[TASK TO CARRY OUT]
For this exercise, please find the lines in the entries that include the word "التعليم" and copy them.

[ENTRIES SUPPLIED]
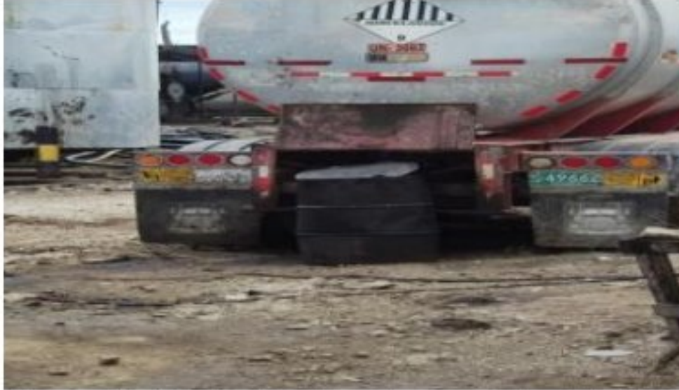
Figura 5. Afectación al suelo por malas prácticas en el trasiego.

* * *

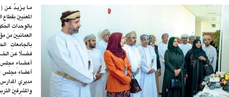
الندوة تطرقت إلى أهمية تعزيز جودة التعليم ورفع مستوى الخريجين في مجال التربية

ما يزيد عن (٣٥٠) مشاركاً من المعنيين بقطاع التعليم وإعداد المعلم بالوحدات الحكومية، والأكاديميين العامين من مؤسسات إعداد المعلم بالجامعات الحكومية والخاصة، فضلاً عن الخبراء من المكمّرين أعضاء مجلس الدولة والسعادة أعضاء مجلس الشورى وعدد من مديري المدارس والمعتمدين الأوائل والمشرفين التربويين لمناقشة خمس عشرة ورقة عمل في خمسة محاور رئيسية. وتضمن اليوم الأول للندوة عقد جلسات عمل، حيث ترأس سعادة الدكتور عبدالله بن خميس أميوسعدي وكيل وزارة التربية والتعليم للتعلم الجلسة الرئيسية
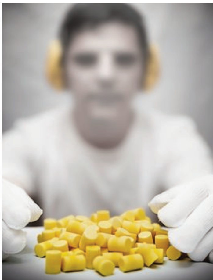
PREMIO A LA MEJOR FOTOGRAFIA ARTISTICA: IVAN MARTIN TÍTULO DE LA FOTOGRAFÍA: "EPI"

[RESPONSE FOR THIS EXERCISE]
الندوة تطرقت إلى أهمية تعزيز جودة التعليم ورفع مستوى الخريجين في مجال التربية
ما يزيد عن (٣٥٠) مشاركاً من المعنيين بقطاع التعليم وإعداد المعلم بالوحدات الحكومية، والأكاديميين العامين من مؤسسات إعداد المعلم بالجامعات الحكومية والخاصة، فضلاً عن الخبراء من المكمّرين أعضاء مجلس الدولة والسعادة أعضاء مجلس الشورى وعدد من مديري المدارس والمعتمدين الأوائل والمشرفين التربويين لمناقشة خمس عشرة ورقة عمل في خمسة محاور رئيسية. وتضمن اليوم الأول للندوة عقد جلسات عمل، حيث ترأس سعادة الدكتور عبدالله بن خميس أميوسعدي وكيل وزارة التربية والتعليم للتعلم الجلسة الرئيسية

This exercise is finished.